I'm trying to generate random numbers from 0 to 1, including the borders 0 and 1 in Racket. Until now I didn't find a solution. Is there a nice way ?

Newbie1234567
  • 31
  • 6
  • 2
    This question is unclear. What do you mean by "including the borders"? If you are simulating a uniform random variable on [0,1] then the probability of getting either 0 or 1 is vanishingly small. Just use the standard library RNG. – John Coleman Aug 23 '18 at 13:49
  • Think usually random number are float values and generated between zero and one (`0 – U880D Aug 23 '18 at 13:59
  • 1
    With what probability should `0` and `1` appear? If the answer is anything other than `0`, you are no longer talking about a uniform random number on [0,1], hence the question is unclear since the desired distribution hasn't been specified. On the other hand, if the answer is `0`, then the standard `random` is sufficient. If my understanding of your question is incocrrect, please clarify, – John Coleman Aug 23 '18 at 14:15
  • It's exactly how @U880D pointed out. The usual random procedure, just returns a value x, where 0 – Newbie1234567 Aug 23 '18 at 15:27
  • "every value x should have the same probability" under-specifies a continuous distribution. If `X` is a continuous random variable on `[0,1]` then for any specific `x` in `[0,1]`, we have `Pr(X = x) = 0`. You never answered the question: with what probability do you want `0` and `1` to appear? – John Coleman Aug 23 '18 at 15:51

2 Answers2

8

As soegaard mentions in his answer, you should just use (random). It is true that it produces a number in the open range (0, 1), not the closed range [0, 1] that you want. However, I’m going to present an argument backed by some numbers that the difference is irrelevant.

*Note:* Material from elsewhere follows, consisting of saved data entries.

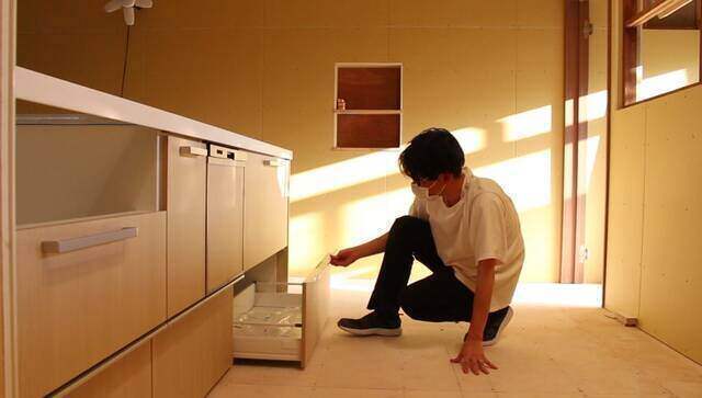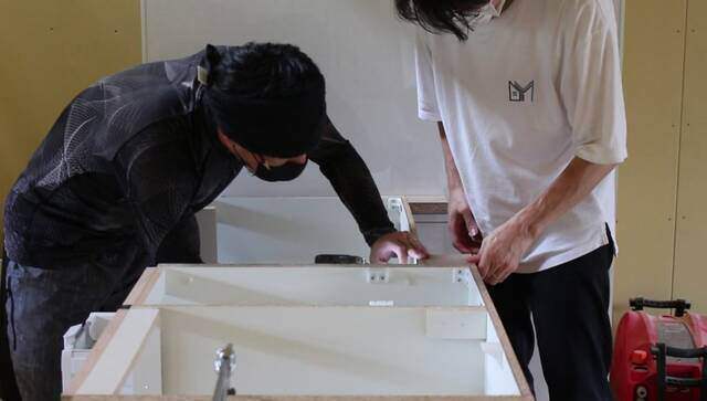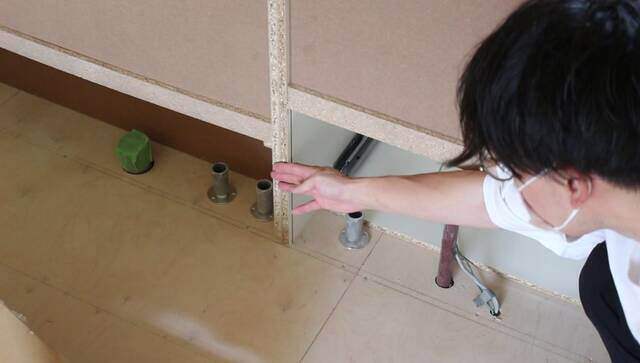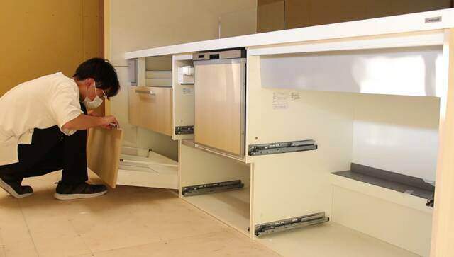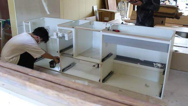 キッチンは「コンロ」「食洗器」「流し台」の3つに分割されているので、それぞれの土台を1つに繋ぎ合わせて取り付けます。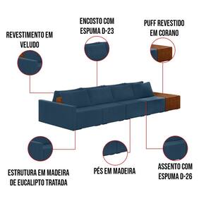 O Sofá Ilha 4 Lugares Living Lary de 472 cm é uma peça de destaque para qualquer ambiente, com um design moderno este sofá apresenta uma estrutura modular permitindo reorganizá-la criando um layout personalizado. Revestido no luxuoso tecido Veludo em um tom envolvente de Azul Marinho, proporcionando uma sensação de aconchego e sofisticação. Seu assento é fixo em espuma D-26 com multimolas de sustentação espiral e ensacadas, solda dupla, manta acrílica e percintas elásticas, suportando até 150 kg por assento. Já o encosto possui espuma D-23 sendo ele removível, com almofadas soltas preenchidas com 100% de fibra siliconada, proporcionando um apoio macio para as costas. Os pés são feitos em madeira certificando maior estabilidade ao móvel. Este sofá apresenta características de alta qualidade, incluindo uma estrutura de madeira tratada de eucalipto reflorestada, garantindo maior resistência e durabilidade ao produto, além de contribuir para a sustentabilidade ambiental. Com nove assentos no total, um deles revestido em tecido Sintético Pu Nozes com detalhes em gomos feito com a técnica de costura pespontos, este sofá oferece espaço suficiente para acomodar confortavelmente até dez pessoas, tornando-o ideal para receber amigos e familiares com estilo e conforto. Pode ser utilizado em escritórios, restaurantes e demais ambientes corporativos.O Sofá Lary é a escolha perfeita para quem busca uma peça de mobiliário que une funcionalidade, conforto e estilo em uma única solução para o seu ambiente. Aproveite!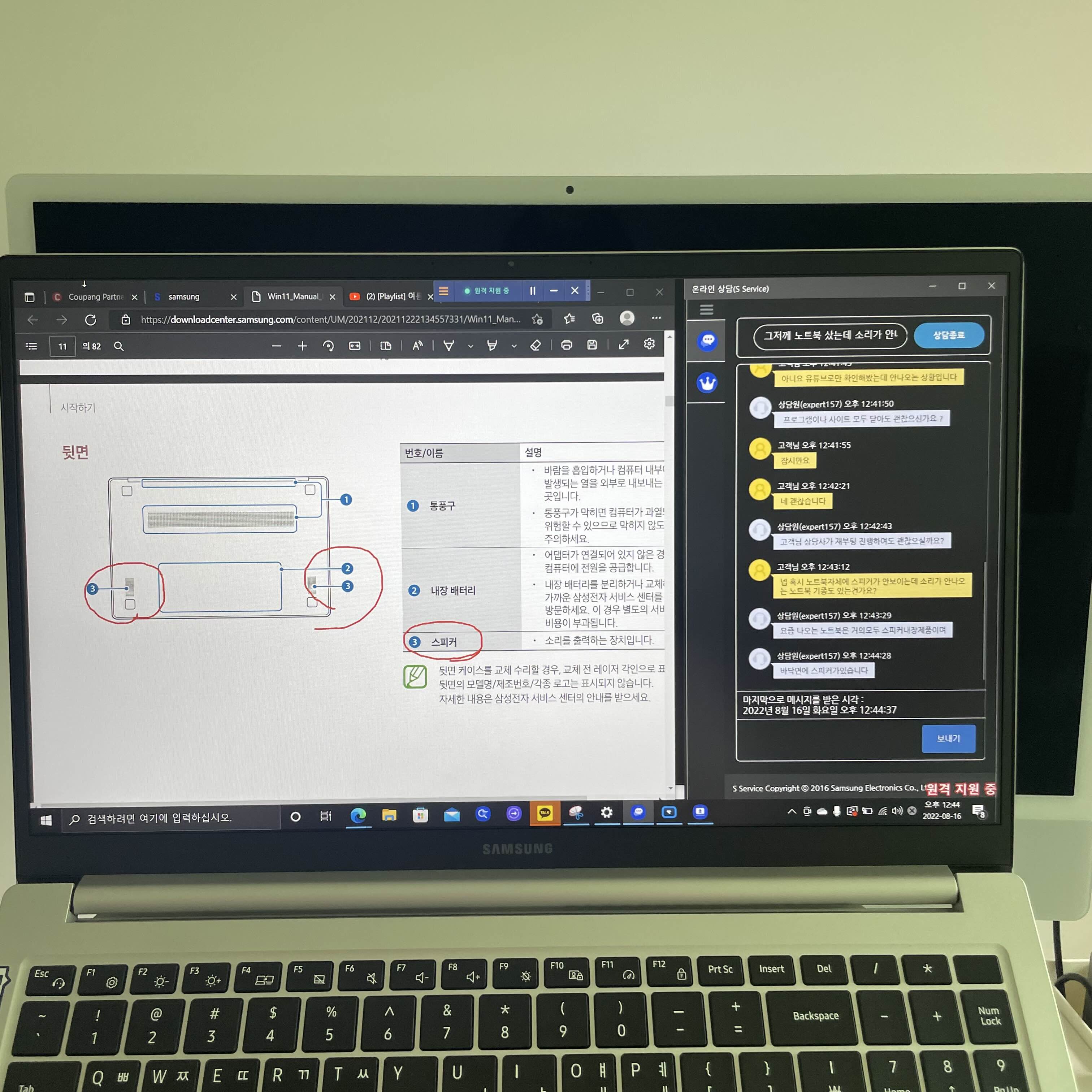 그랬더니 원격으로 제 노트북 설명서(?) 같은 걸 열어서 노트북이 어디 내장되어있는지 바로 표시해주시더라구요.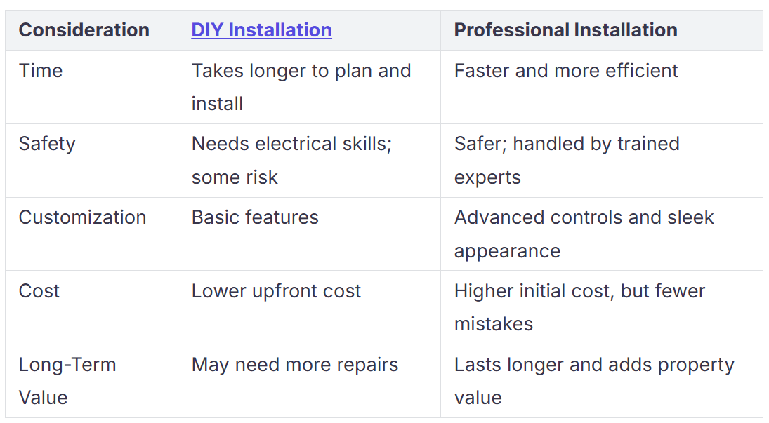 คุณจะติดไฟ LED กลางแจ้งด้วยตัวเองหรือขอความช่วยเหลือก็ได้ การทำด้วยตัวเองช่วยประหยัดเงินและให้คุณเลือกการออกแบบได้ คุณต้องรู้บางอย่างเกี่ยวกับไฟฟ้าและใช้เวลาในการวางแผน หากคุณทำผิดพลาด อาจไม่ปลอดภัยหรือทำให้ไฟเสียหายได้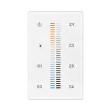 The RF Dual Color Wall Mounted Controller features a touch-sensitive glass interface in white and black. It is compatible with all universal series RF receivers and operates at a radio frequency of 916.5MHz. This controller enables control of CCT colors and can manage up to 4 zones both synchronously and separately.

The random procedure produces an IEEE 754 double-precision floating point number. The next-largest number representable by that format after 0 is approximately 4.94 × 10-324. If we assume that (random) does, indeed, produce a number uniformly distributed over the range, then that would imply that the probability of ever actually producing 0.0 is one in 4.94 × 10324! To give you a little bit of context for that number, that means that even if you generated one billion random numbers every second, it would still take on average 6.41 × 10306 years to generate 0.0 even once.

The situation is a little less grim at the other end of the range, since the difference between 1 and the next-smallest number representable by double flonums is significantly larger: approximately 1.11 × 10-16. On this end of the range, if we once again generated one billion random numbers every second, then it would take on average “only” 104 days before generating 1.0 for the first time. However, this would still be completely insignificant compared to the enormous amount of data you had already generated (and indeed, it’s rather unlikely you are going to be generating a billion random numbers per second to begin with, since it takes well over a minute just to generate a billion random numbers on my machine).

Don’t worry about those missing ends of the range, since they really won’t matter. Just call (random) and be done with it.

Alexis King
  • 43,109
  • 15
  • 131
  • 205
  • 1
    This argument seems not completely convincing. The documentation suggests that the underlying RNG has a 52-bit internal state. `(random)` maps that to `(0,1)` but you could clearly map that state to `[0,1]` in such a way that `0` and `1` can occur. If so, it seems that the probability of getting `0` and `1` would then be at least `2^-52`, which is of course too small to worry about, but not quite as rare as your argument suggests. Still (+1) for showing OP that they are worried about something which is essentially nothing. – John Coleman Aug 23 '18 at 18:21
  • @JohnColeman I agree with you… I considered trying to incorporate information into this answer about the practical limits introduced by the implementation details of Racket’s PRNG, but I ended up not doing that. I think providing really precise numbers would involve looking into the way the PRNG works internally, which I don’t want to do. I thought about adding a throwaway line somewhere about upper/lower bounds due to the state size, and maybe I still should, but I don’t think it dramatically changes the takeaway from this answer. – Alexis King Aug 23 '18 at 18:26
  • In many ways, the numbers themselves don't really matter. It is an unavoidable *defect* of `(random)` that there are specific number which occur with non-zero probability. There is no plausible reason I can see for insisting that `0` and `1` join the list of numbers where this defect occurs. – John Coleman Aug 23 '18 at 18:31
  • @JohnColeman That’s true, though I think that interpretation is maybe not the most useful framing. I think a more motivating framing is that it is a defect of `(random)` that some numbers in the range will truly never be generated, rather than [almost never](https://en.wikipedia.org/wiki/Almost_surely). The fact that 0 and 1 belong to the set of numbers that will truly never be generated is less meaningful when you consider all the other numbers in the range [0, 1] that also belong to that set. – Alexis King Aug 23 '18 at 18:35
5

Use (random) to generate a number between 0.0 and 1.0.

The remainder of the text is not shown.